> [Task brief]: Drop every picture, then print the rest of the listing exactly as given.

> [Data provided]:
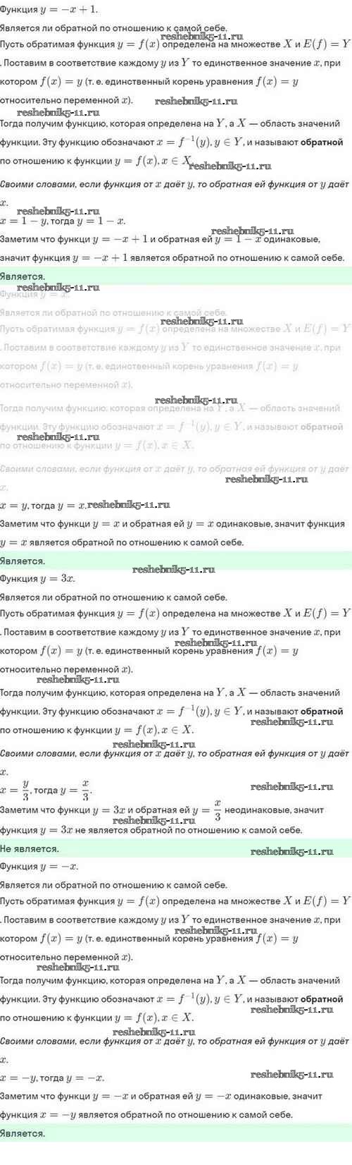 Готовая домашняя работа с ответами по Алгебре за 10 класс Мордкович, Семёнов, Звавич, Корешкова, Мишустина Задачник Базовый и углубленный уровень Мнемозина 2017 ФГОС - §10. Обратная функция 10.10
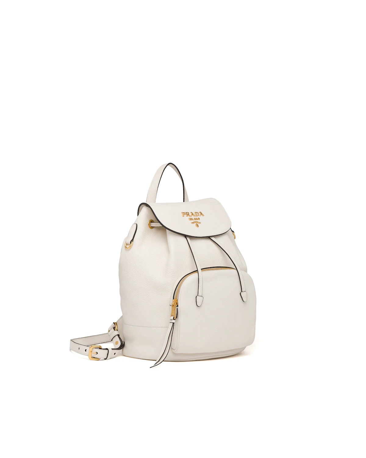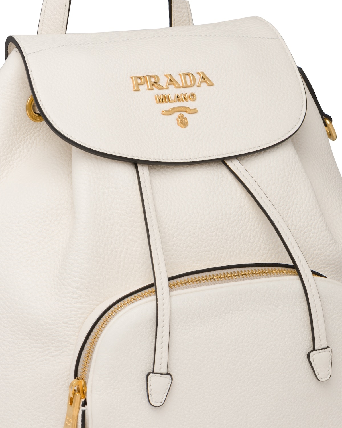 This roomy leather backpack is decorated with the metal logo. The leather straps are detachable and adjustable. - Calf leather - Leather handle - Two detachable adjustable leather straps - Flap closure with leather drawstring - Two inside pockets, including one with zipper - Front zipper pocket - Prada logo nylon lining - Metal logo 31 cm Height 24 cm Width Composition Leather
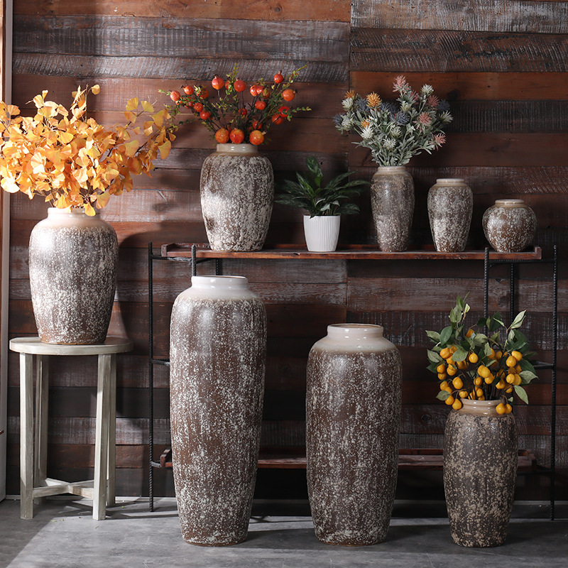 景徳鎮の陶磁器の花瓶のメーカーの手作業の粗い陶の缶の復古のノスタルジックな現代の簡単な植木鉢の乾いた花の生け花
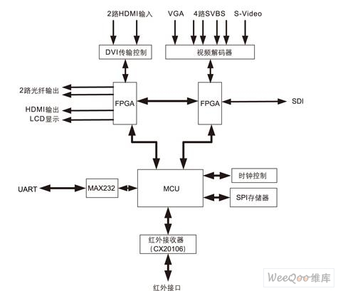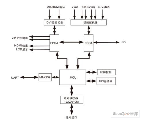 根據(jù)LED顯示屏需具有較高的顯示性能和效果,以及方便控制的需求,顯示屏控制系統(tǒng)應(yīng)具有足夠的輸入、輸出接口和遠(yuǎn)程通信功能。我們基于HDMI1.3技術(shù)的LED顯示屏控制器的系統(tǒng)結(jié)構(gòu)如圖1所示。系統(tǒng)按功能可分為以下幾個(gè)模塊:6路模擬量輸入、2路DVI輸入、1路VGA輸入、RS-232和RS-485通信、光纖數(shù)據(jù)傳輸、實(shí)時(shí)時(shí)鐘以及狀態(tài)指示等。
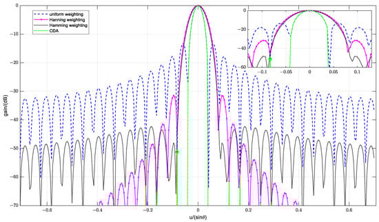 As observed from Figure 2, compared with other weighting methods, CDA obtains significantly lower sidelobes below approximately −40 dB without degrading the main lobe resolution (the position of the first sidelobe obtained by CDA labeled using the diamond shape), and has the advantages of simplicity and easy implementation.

> [Your response]:
 Готовая домашняя работа с ответами по Алгебре за 10 класс Мордкович, Семёнов, Звавич, Корешкова, Мишустина Задачник Базовый и углубленный уровень Мнемозина 2017 ФГОС - §10. Обратная функция 10.10
 This roomy leather backpack is decorated with the metal logo. The leather straps are detachable and adjustable. - Calf leather - Leather handle - Two detachable adjustable leather straps - Flap closure with leather drawstring - Two inside pockets, including one with zipper - Front zipper pocket - Prada logo nylon lining - Metal logo 31 cm Height 24 cm Width Composition Leather
 景徳鎮の陶磁器の花瓶のメーカーの手作業の粗い陶の缶の復古のノスタルジックな現代の簡単な植木鉢の乾いた花の生け花
 根據(jù)LED顯示屏需具有較高的顯示性能和效果,以及方便控制的需求,顯示屏控制系統(tǒng)應(yīng)具有足夠的輸入、輸出接口和遠(yuǎn)程通信功能。我們基于HDMI1.3技術(shù)的LED顯示屏控制器的系統(tǒng)結(jié)構(gòu)如圖1所示。系統(tǒng)按功能可分為以下幾個(gè)模塊:6路模擬量輸入、2路DVI輸入、1路VGA輸入、RS-232和RS-485通信、光纖數(shù)據(jù)傳輸、實(shí)時(shí)時(shí)鐘以及狀態(tài)指示等。
 As observed from Figure 2, compared with other weighting methods, CDA obtains significantly lower sidelobes below approximately −40 dB without degrading the main lobe resolution (the position of the first sidelobe obtained by CDA labeled using the diamond shape), and has the advantages of simplicity and easy implementation.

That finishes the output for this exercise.